Basic Analysis
There are some basic analyses that are useful for exploring study data. The Jupyter Notebook cortex/visualizations/correlation_plots.ipynb has code to:
- Score survey data and save it into a user specified directory.
- Load survey data, passive data features, and any other researcher-generated features to generate correlation plots.
- Compare features across groups of interest.
- Fit a basic logistic regression model to predict the participants group based on the features.
While these functionalities are by no means comprehensive, they can provide a starting place for further exploration.
Data
Survey data
Surveys are scored using Cortex's score_surveys() function. Results are saved by survey category by participant in individual csv files. Each csv file will have a column for the timestamp as well as columns for each question in the survey and a total score.
Passive data
Passive data should be processed prior to analysis. cortex.run() can be used to generate the file format required. In particular, secondary features should be in pickle files with a column for timestamp and a column for the value of the secondary feature.
Other features
Additional data can come in the form of "global" data or data that holds true across the entirety of the study (ex: number of activities, age). These features should be stored in a csv file called participantId_other_global_features.csv where each column of the dataframe is a differnet global feature. Each column that you would like to be used in analysis should be listed in the list OTHER_GLOBAL_FEATS.

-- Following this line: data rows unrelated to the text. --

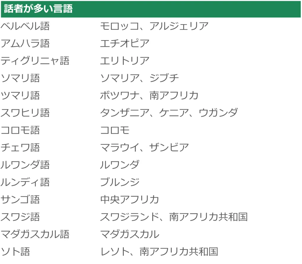 アフリカで話されている言語は2100種類以上あるといわれていますが、主な公用語で紹介した英語、フランス語、スペイン語、アラビア語、ポルトガル語の5つの言語以外に話者が多い言語についていくつか紹介します。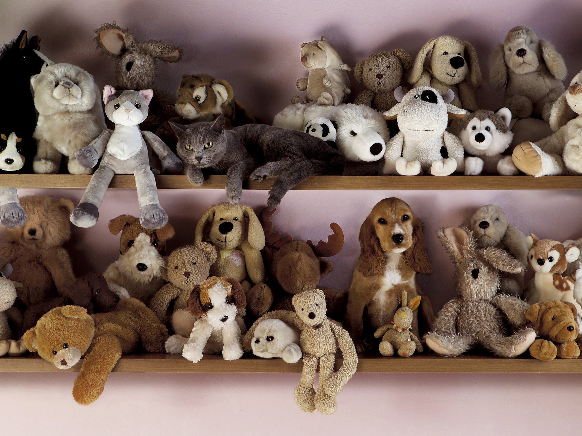 Muchos juguetes de peluche en los estantes - fondos de pantalla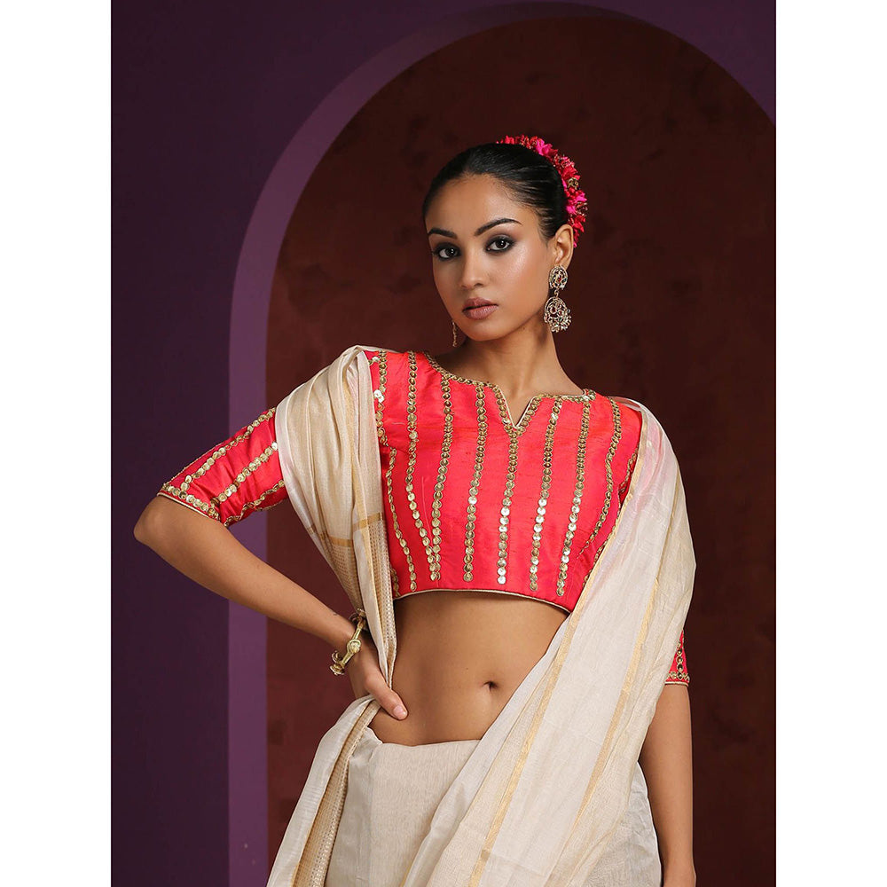 Description : An alluring red hand embellished blouse is a must have piece for wardrobe. Beautiful hand embellished is done on the base of raw silk fabric. The blouse has all over pattern done with sequin and dori work. Adorn this beautiful blouse along with elegant sarees and lehengas.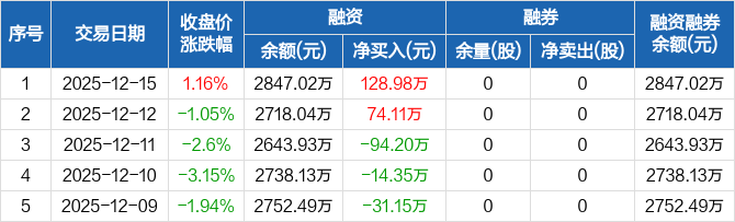 秦川物联:融资净买入128.98万元,融资余额2847.02万元(12-15)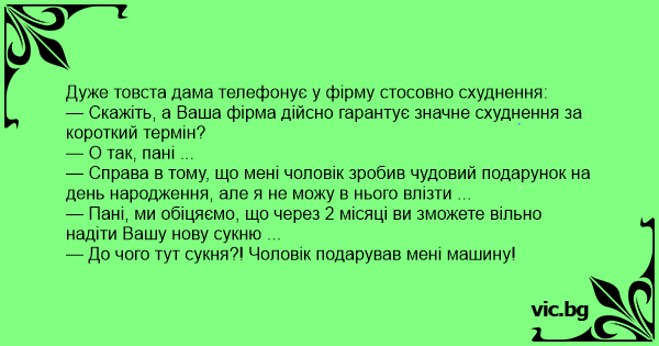 — Справа в тому, що мені чоловік зробив чудовий подарунок на день народження, але я не можу в нього влізти ...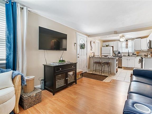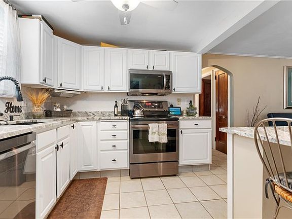 Step into this charming ranch home. New Roof in 2012, Covered front freshly painted porch has vinyl railing. Recently remodeled kitchen with new granite, graphite single bowl sink and new faucet, newer LG black stainless steel appliances including dishwasher, gas stove and microwave oven. Tile backsplash, white cabinets and recessed lighting. Breakfast island seats 4. Kitchen opens to living room for nice large living space. New steel front door. Master Bedroom and guest bedroom have original hardwood floors. Ceiling fan and 2 windows in master. Guest full bathroom has tiled-in shower, tile floors and updated white bead board vanity. Basement offers ample storage, built in counter/cabinets and large laundry area with utility sink. Newer hot water tank 2019. Enjoy quaint backyard space with vinyl fence backdrop. Paver stones and pea gravel provide the perfect entertainment spot. Front of home has newer retaining wall, vinyl railing on sidewalk/steps and updated landscaping.

Other local features are "local" in time. These features look just like survey or passive data in that they will have a timestamp column (in ms) as well as columns for each feature. The file can be named anything, and the name of the file may or may not be in the columns. Using this filename, files will be saved in SURVEY_DIR as participantID_filename.csv. OTHER_LOCAL_FEATS should be a list of all of these file names. Then you must specify which columns in each file that should be usef in analysis. An example of how to do this in OTHER_LOCAL_SUBFEATS is shown below.
Analysis
For example, we could look at GAD-7 questions, sleep duration, and some passive data features from one of our studies. These example features are listed below.
Correlations
Using these features, we could then produce a correlation map. The * indicate signficant correlations (p < 0.05, corrected for multiple comparisons).
Comparison across groups
We could then look at whether these features differed among participants that improved over the course of the study. Significantly different groups based on a t-test (p < 0.05, corrected for multiple comparisons) are marked with *. Entropy, home time, and GPS data quality differ between the group that did and did not improve.
Logistic regression model
Finally, we fit a logistic regression model to predict which participants improved. The model achieved an AUC of 0.862 and had three non-zero coefficients:
Feature | Coefficient |
---|---|
entropy | 0.468 |
screen_duration | 0.212 |
sleep_duration | 0.223 |
From here, we can take a deeper look at why some features may be different across groups or investigate the relationships between correlated variables. The goal of these visualizations is to provide a starting point for further analysis.